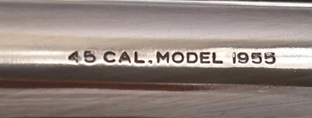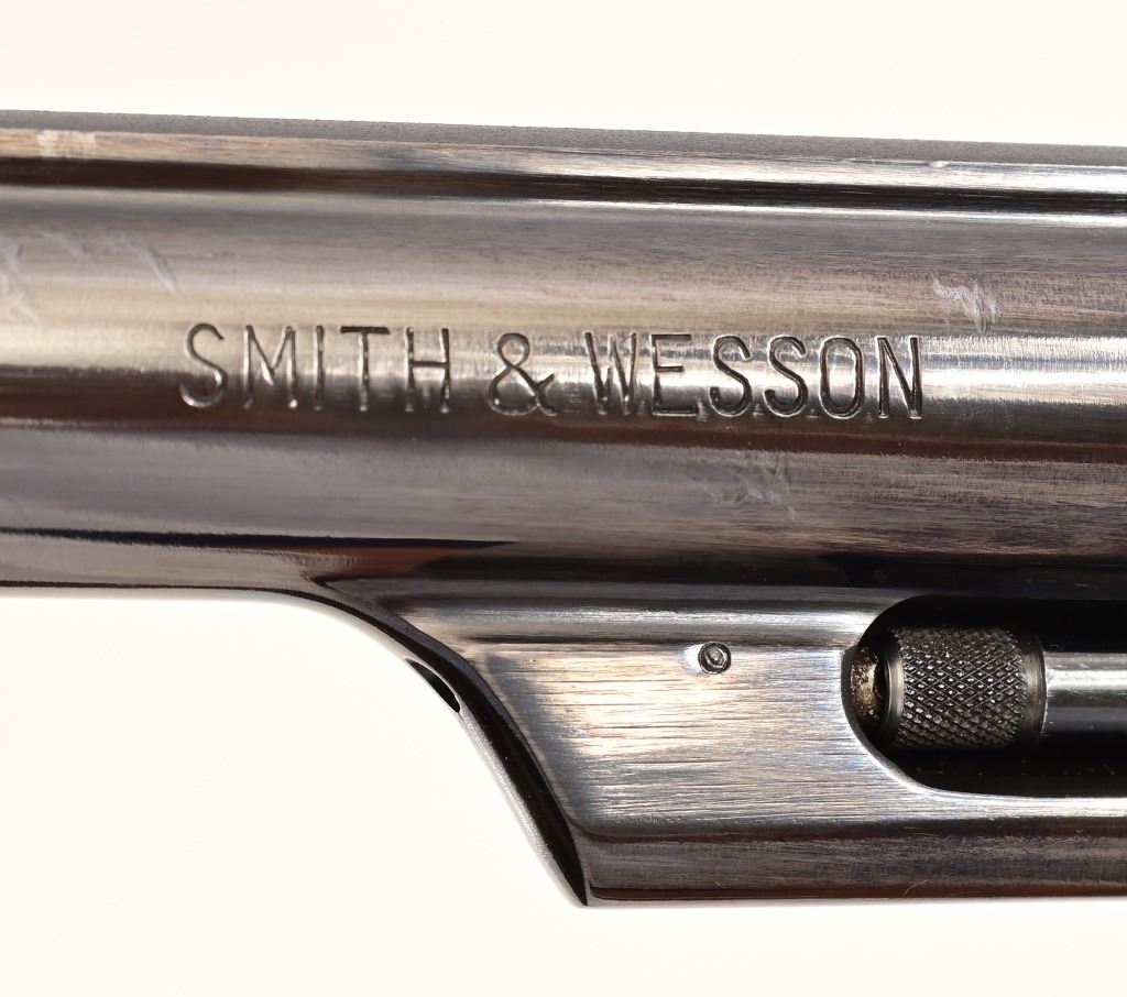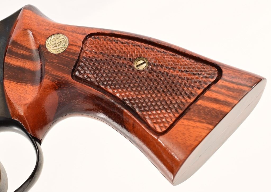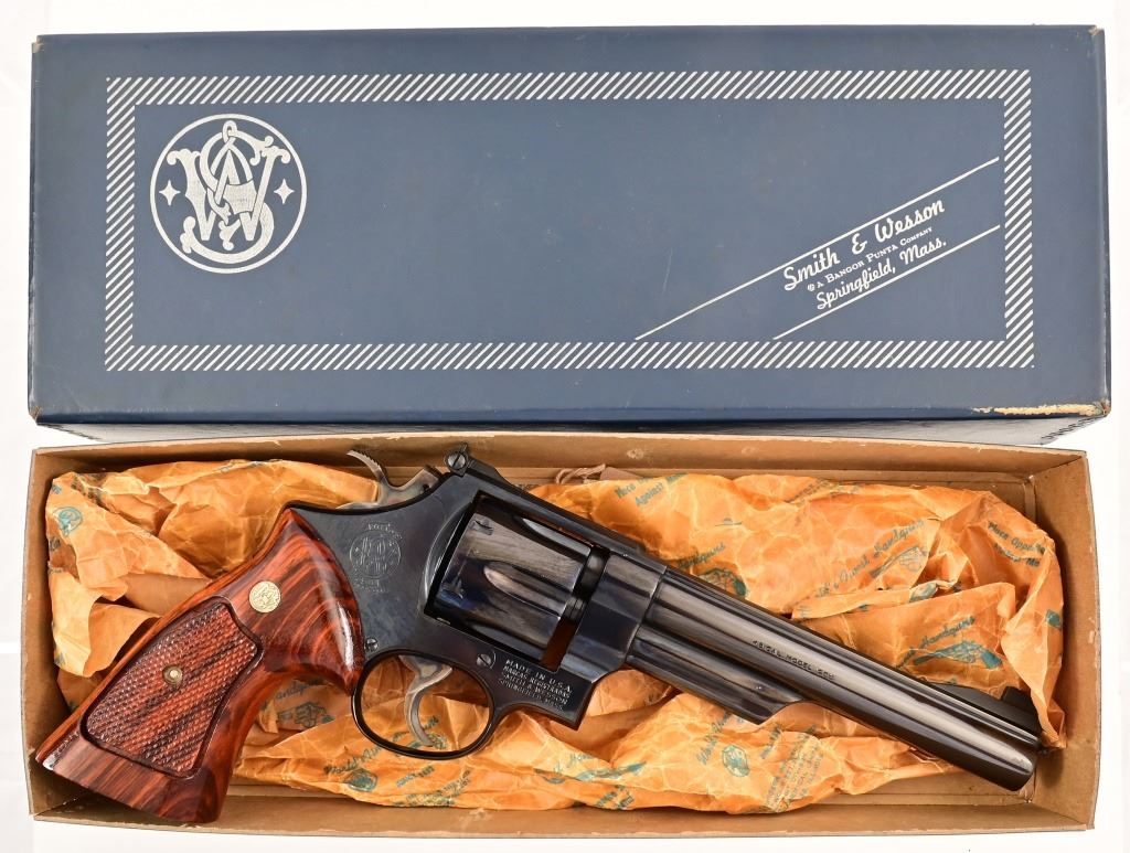 6.5" heavy ribbed/pinned barrel, 4 screw side plate. Excellent blue finish, with checkered wood grips. Serial N67559, circa 1979-1980 with original box, paperwork, and ACP clips.
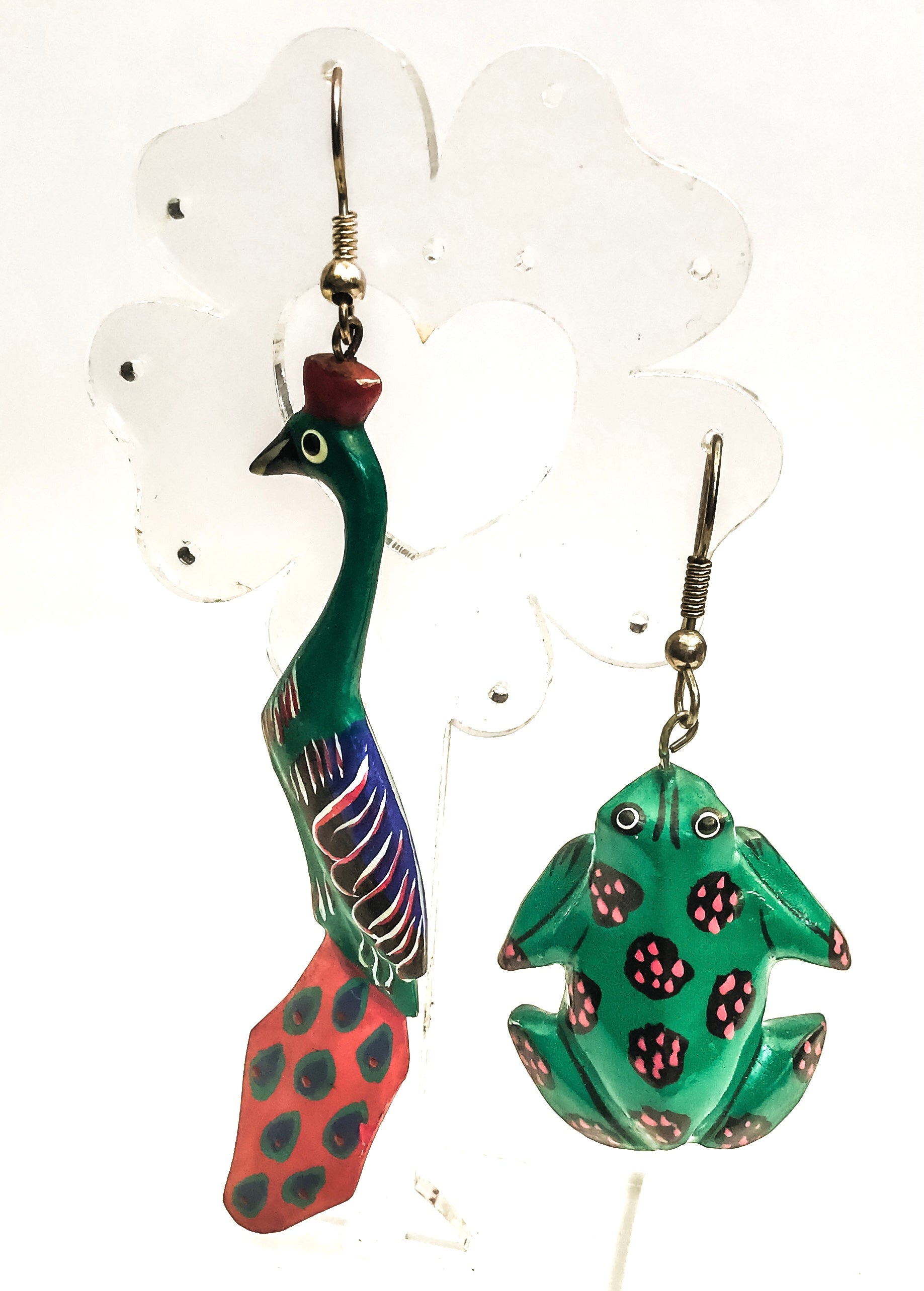 Fun novelty paper mache, hand painted odd dangle earrings from the 1980s. With a long colourful peacock and a green frog making the odd pair.
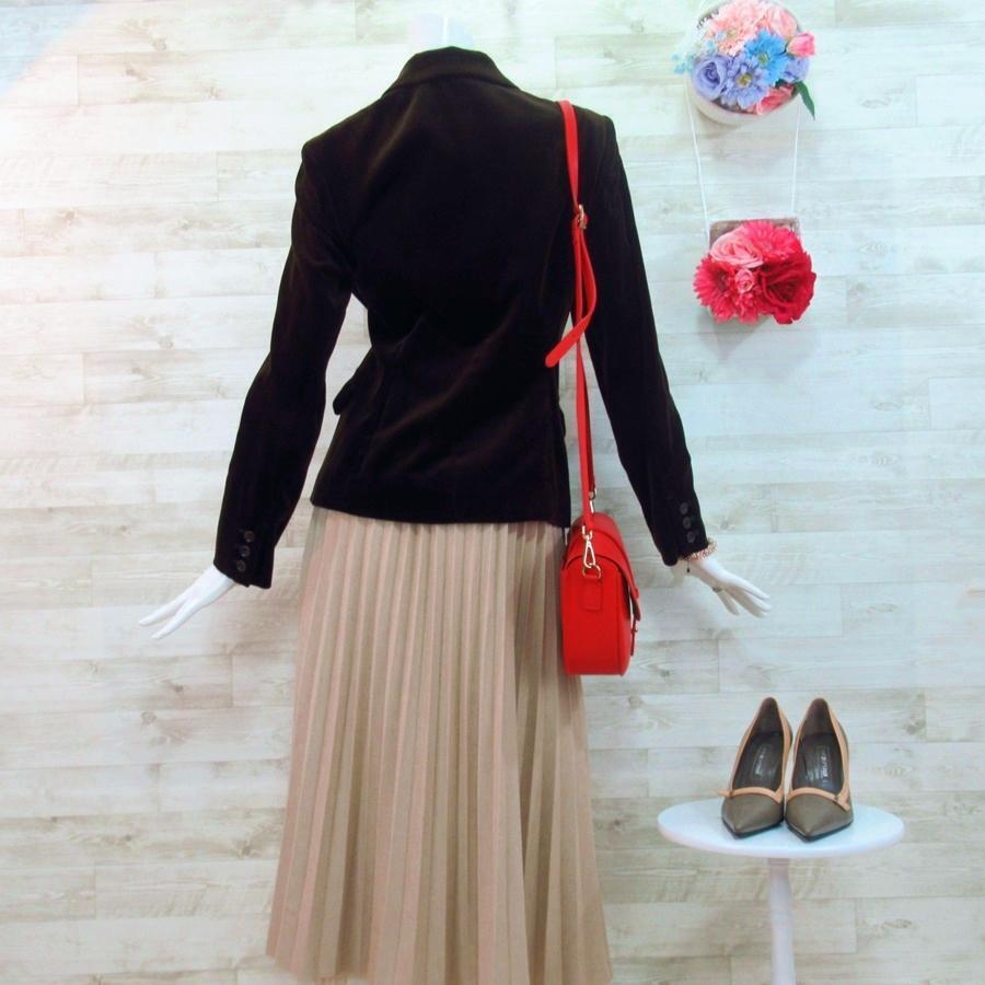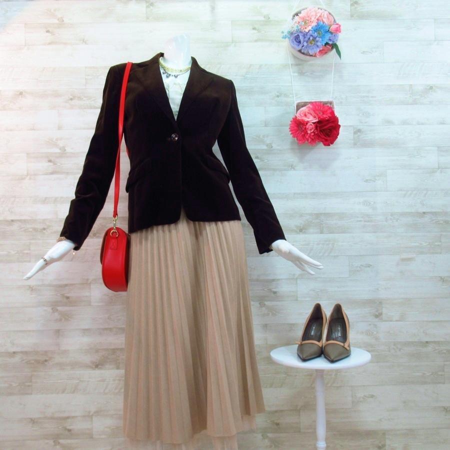 落ちついた茶色なので、クリーム色や白のタートルニットやVネックニットにフレアのスカートと合わせると上品で女性らしい秋コーデができます。
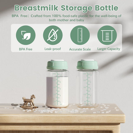 - 【Leakproof and Clearly Color Scale Marking】:The screw-on lid and sealing disc are specially designed to prevent the bottle from leaking. Ideal for freezing, travel, flights and camping. Green Color Scale Marking is easier to read, When the bottle is full of breast milk, the green graduations are easier to read than the white or transparent graduations(most bottle is transparent marking) .
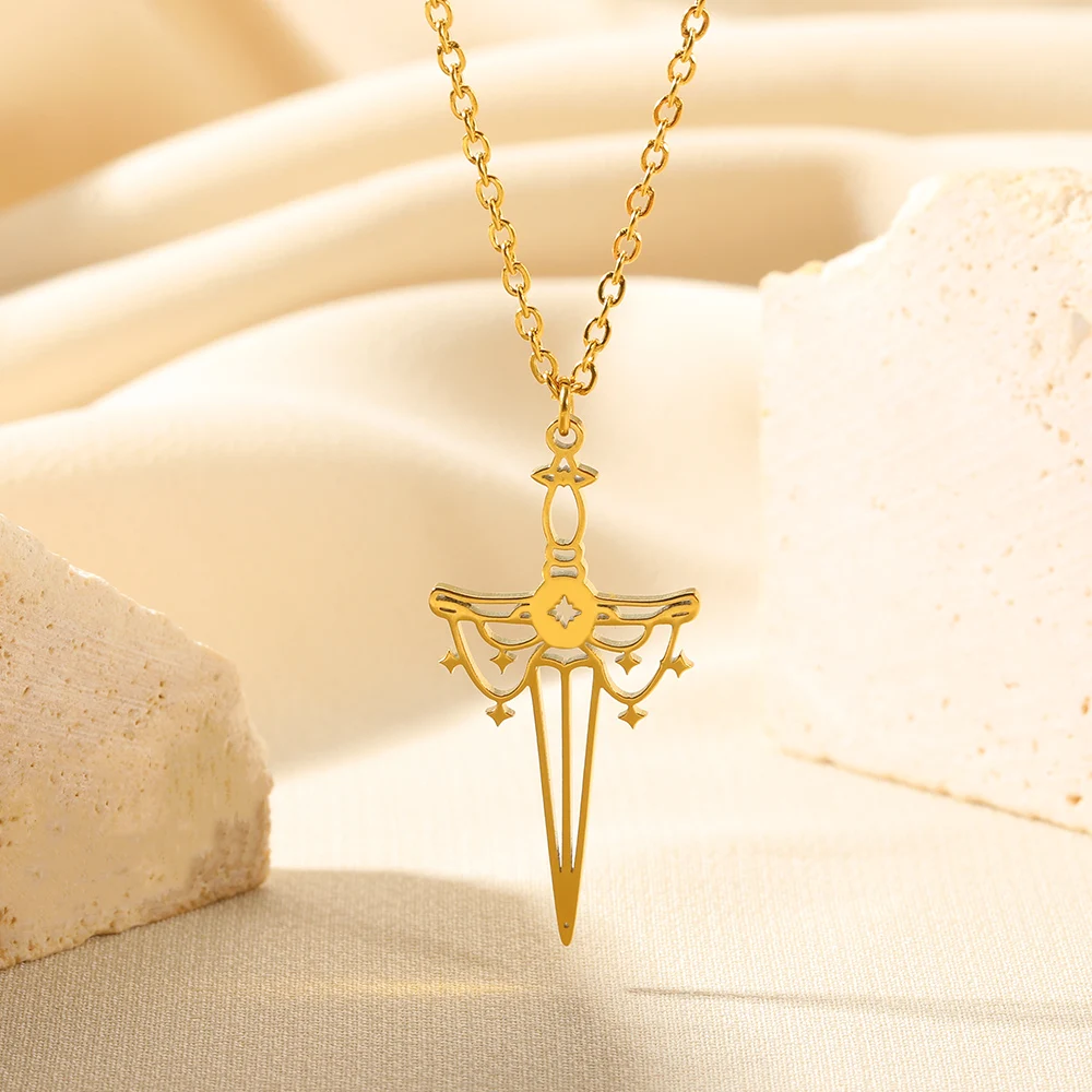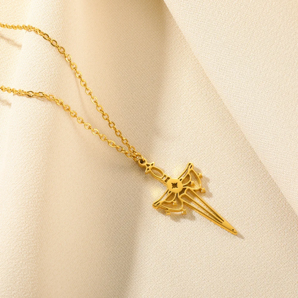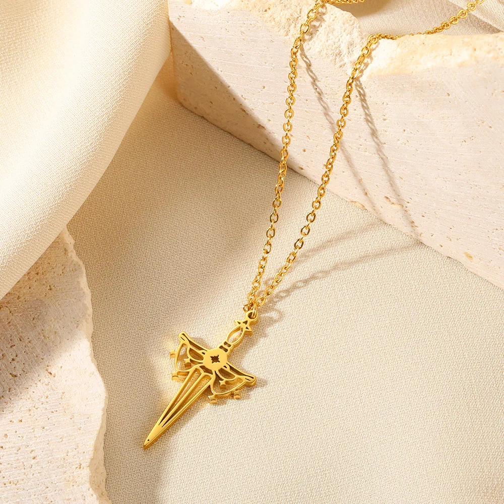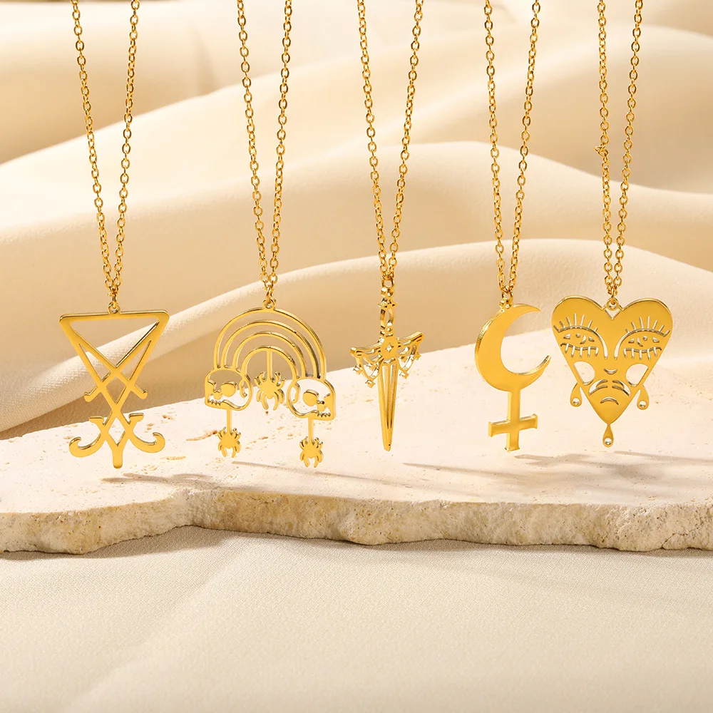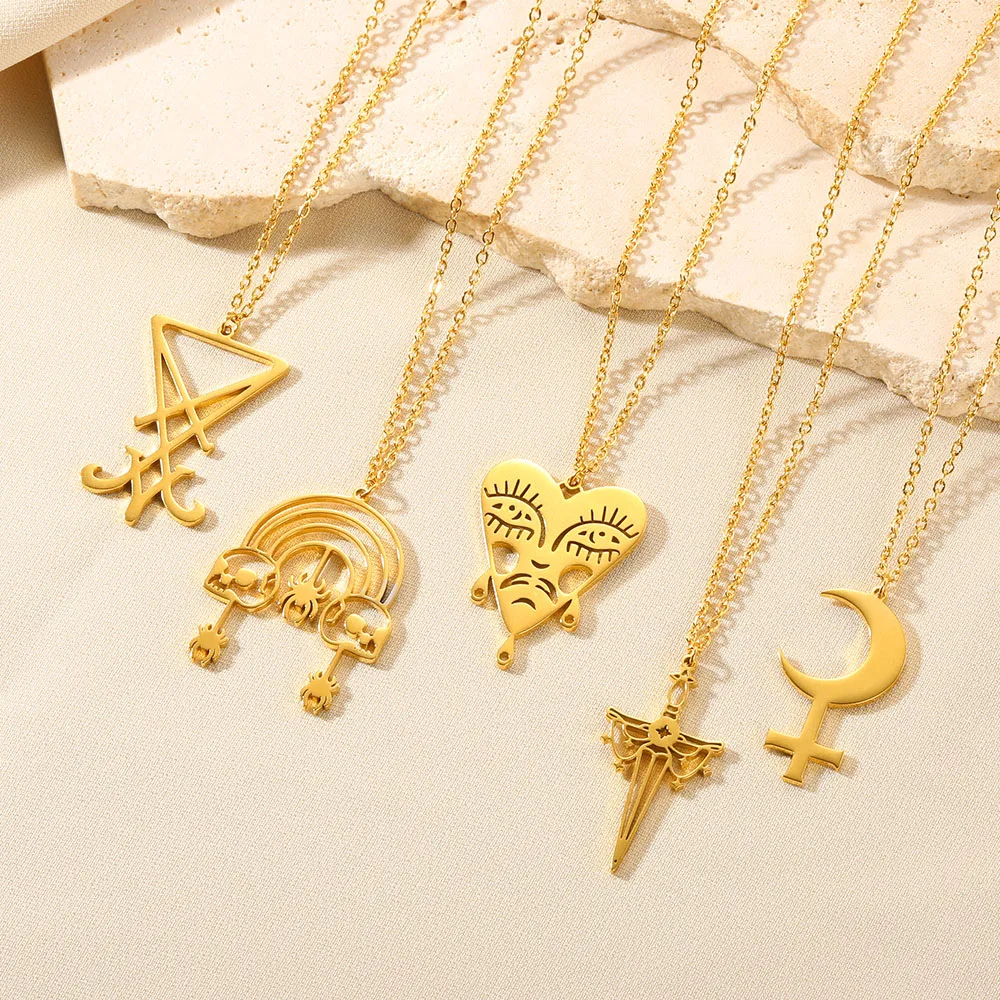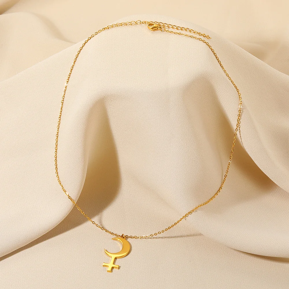 Gold Color Moon Cross Lilith Symbol Pendants Necklace For Women Stainless Steel Charms Astrological Symbol Sign Amulet Jewelry

## What needs to be done
Find where the line with "Fun novelty paper" sits in the material above and where the line with "- 【Leakproof and" sits. Set down exactly the lines from the first to the second, both included and nothing else, without pictures.

## Task output
 Fun novelty paper mache, hand painted odd dangle earrings from the 1980s. With a long colourful peacock and a green frog making the odd pair.
 落ちついた茶色なので、クリーム色や白のタートルニットやVネックニットにフレアのスカートと合わせると上品で女性らしい秋コーデができます。
 - 【Leakproof and Clearly Color Scale Marking】:The screw-on lid and sealing disc are specially designed to prevent the bottle from leaking. Ideal for freezing, travel, flights and camping. Green Color Scale Marking is easier to read, When the bottle is full of breast milk, the green graduations are easier to read than the white or transparent graduations(most bottle is transparent marking) .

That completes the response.